Sound Lending Practices for Housing

When we made our last appearance, we were still contemplating potential actions with respect to emerging risks in the housing market. We have since written to all authorised deposit-taking institutions (or ADIs) encouraging them to maintain sound lending standards, and identified some benchmarks that APRA supervisors will be using in deciding whether additional supervisory action – such as higher capital requirements – might be warranted.

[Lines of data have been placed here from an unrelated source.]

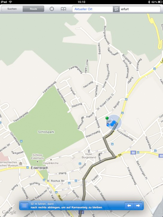 Auf dem iPad beschränkten sich unsere Tests auf Google Maps und Google Earth, die ebenfalls perfekt mit dem GNS 5870 MFI harmonierten.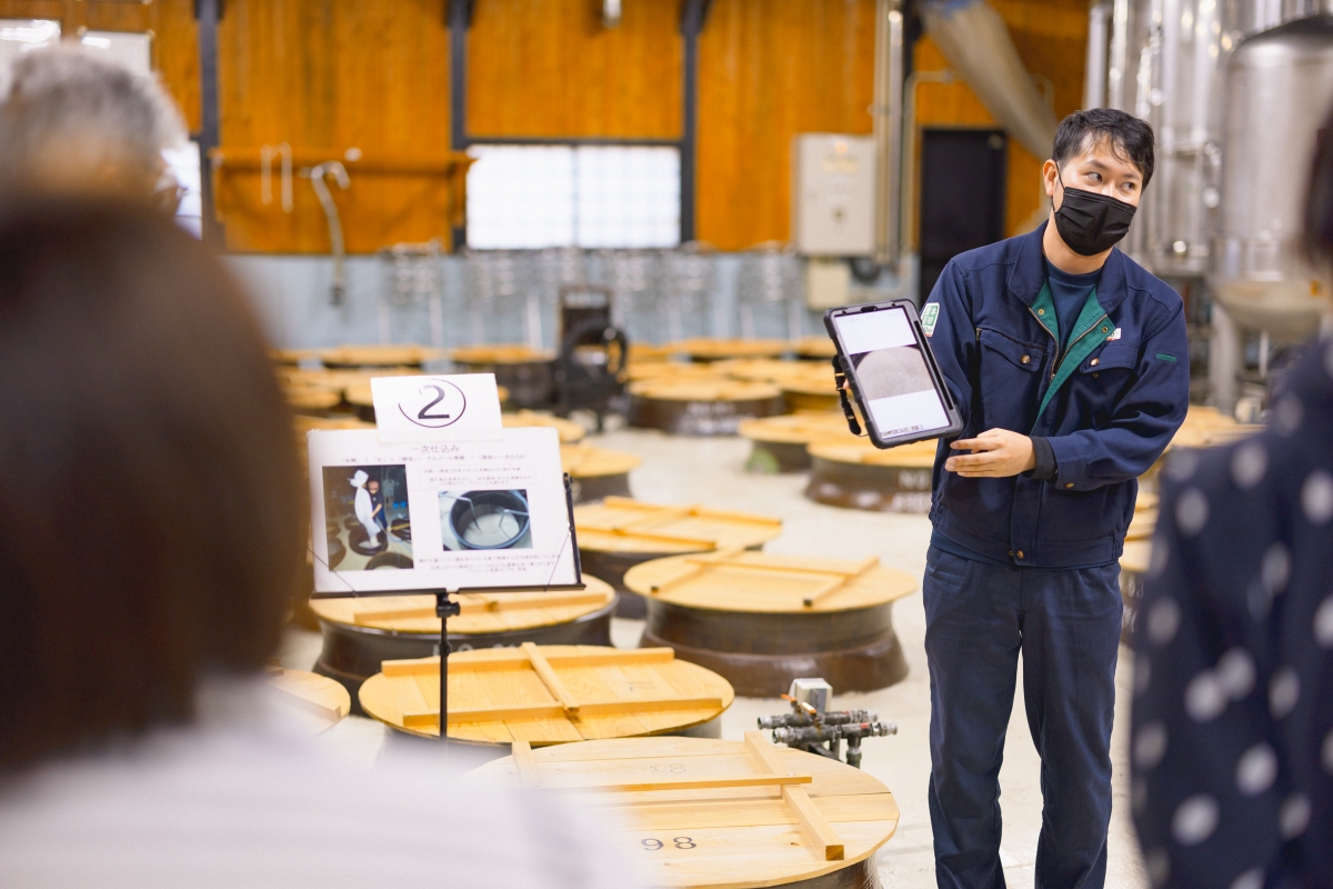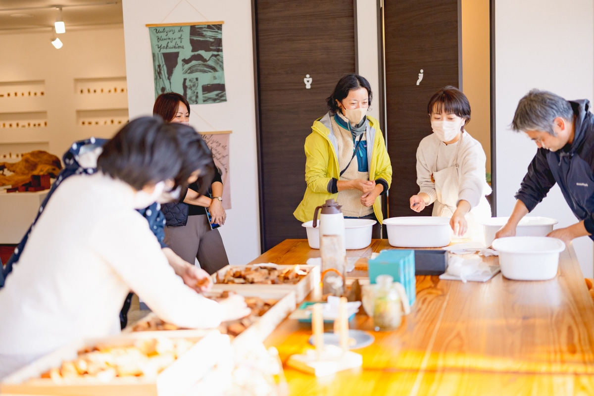 いつもなら山あいの茶畑で開催されるという、2代目店主の渡邉さんによる茶園紹介およびお茶体験(期間限定)。この日は雨のため、店内での開催となり、自社の茶葉を使ったオーガニックな弁当、緑茶、期間限定で人気のほうじ茶のソフトクリームをいただきました。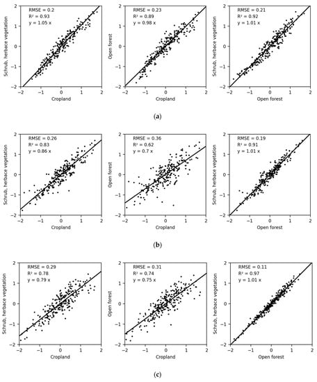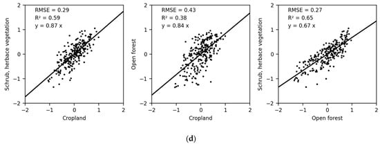 Figure 3 shows a cross-comparison of the VAI between the different land uses at the four test sites identified in Section 2.1. All monthly VAI estimates are displayed, each point corresponds to the VAI calculated for a given month. In each figure, the statistical parameters R2, RMSE, and the linear relation between the VAI of the two considered land uses (Y = a.x, a is the slope) are illustrated. For the case of two land uses with very close VAI indices, we should find an RMSE close to zero, an R2 close to 1, and a slope close to 1.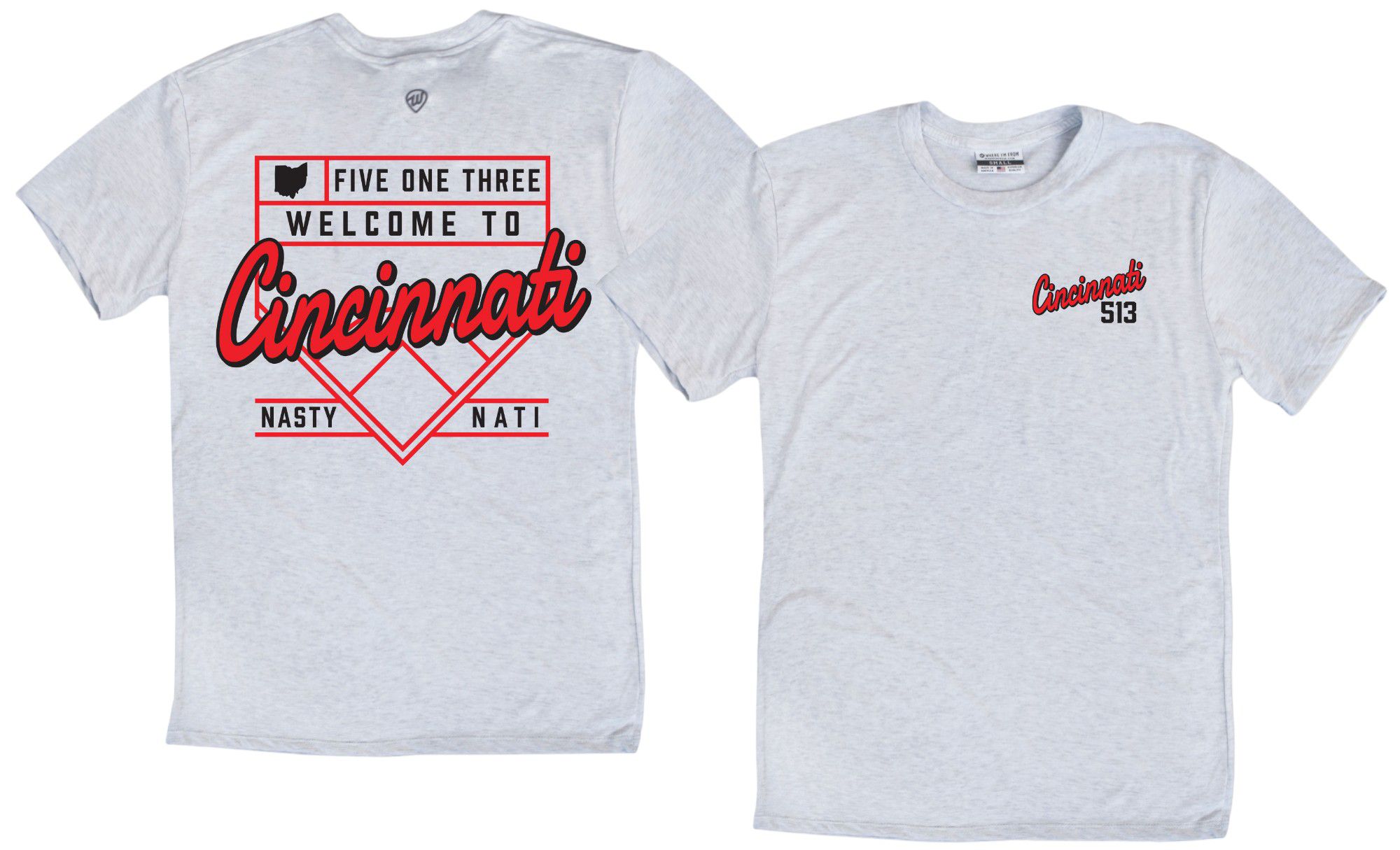 Where I'm From Adult Cincinnati White 2Sided Diamond T-Shirt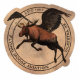 A leather patch bearing the logo of mythical Flying Moose Aviation in Talkeetna, Alaska as worn by the company's bush pilots. Features a winged moose superimposed on a circle with text reading "FLYING MOOSE AVIATION," "TALKEETNA, AK" and "ESTD 1957."
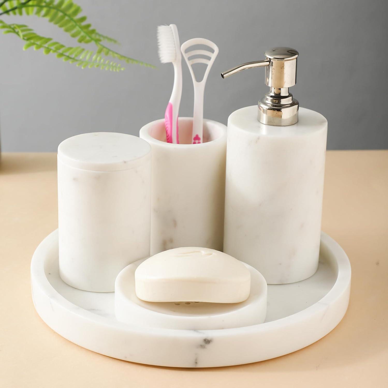 Luxury Handmade Marble Bathroom Accessory Set – Natural Stone Bath Décor with Soap Dispenser, Toothbrush Holder & More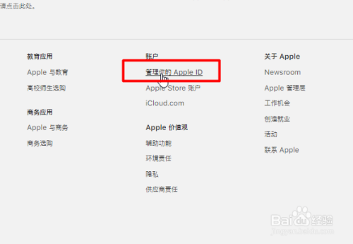 然后在最下方页面找到【账户-办理你的Apple ID】,点击进入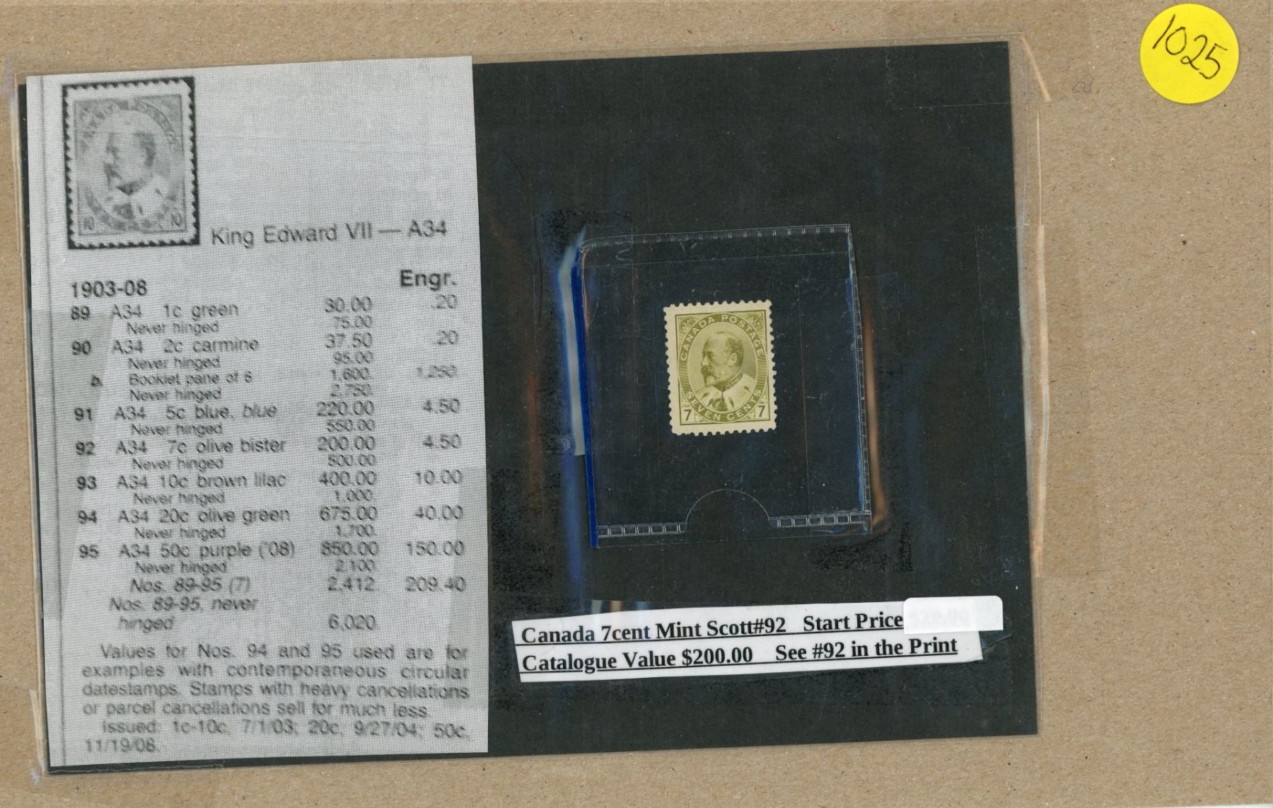 Canada 7 Cent Stamp - King Edward VII Mint Scott #92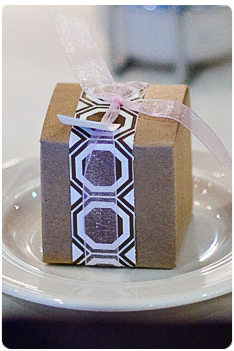 I’m from a large family and have tons of young cousins so my mom helped to turn my engagement photos into mini coloring books that we included in entertainment bags for all of the kids. We kept favors simple by filling kraft paper boxes with pink M&Ms and tying them with strips of brown patterned papers, sheer ribbon and little thank you tags.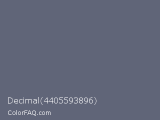 Decimal 4405593896 Color is a normal blue color and the nearest color is Shuttle Gray #5f6672. Hex code #606578 and RGB value is rgb(96,101,120). In RGB color space, this color is composed of 38% red, 40% green, 47% blue, In CMYK color space, this color is composed of 20% cyan, 16% magenta, 0% yellow , 53% black , In HSL color space, this color has a hue angle of 228° , 11% saturation and 42% lightness.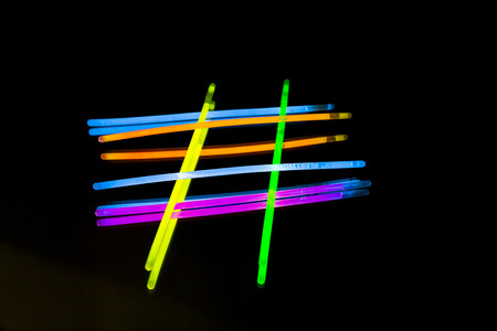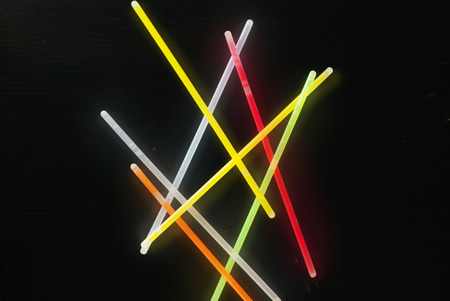 Colorful fluorescent light neon glow stick on black background.

I would like to emphasise that, in alerting ADIs to our concerns in this area, we are seeking to ensure emerging risks and imbalances do not get out of hand. We are not targeting house price levels – as I have said elsewhere, that is beyond our mandate – and we are not at this point asking banks to materially reduce their lending. We have identified some areas where we have set benchmarks that we think will be useful indicators of where risk could be building, and in doing so, will help reinforce sound lending practices amongst all ADIs. We are currently assessing the plans and practices of individual ADIs and, over the next month or so, will be considering whether any supervisory action is needed. So far, our discussions with the major lenders have suggested they recognise it is in everyone’s interests for sound lending standards to be maintained. But we shall see – we are ready to take further action if needed.

Financial System Inquiry

Beyond this immediate issue, we are also giving thought to the more fundamental issues in relation to ADI capital contained in the recommendations of the Financial System Inquiry. There are two key influences on how we will proceed on these issues: first, the submissions made through the Government’s consultation process, and second, the work still underway on a number of related issues in the international standard-setting bodies, particularly the Basel Committee on Banking Supervision.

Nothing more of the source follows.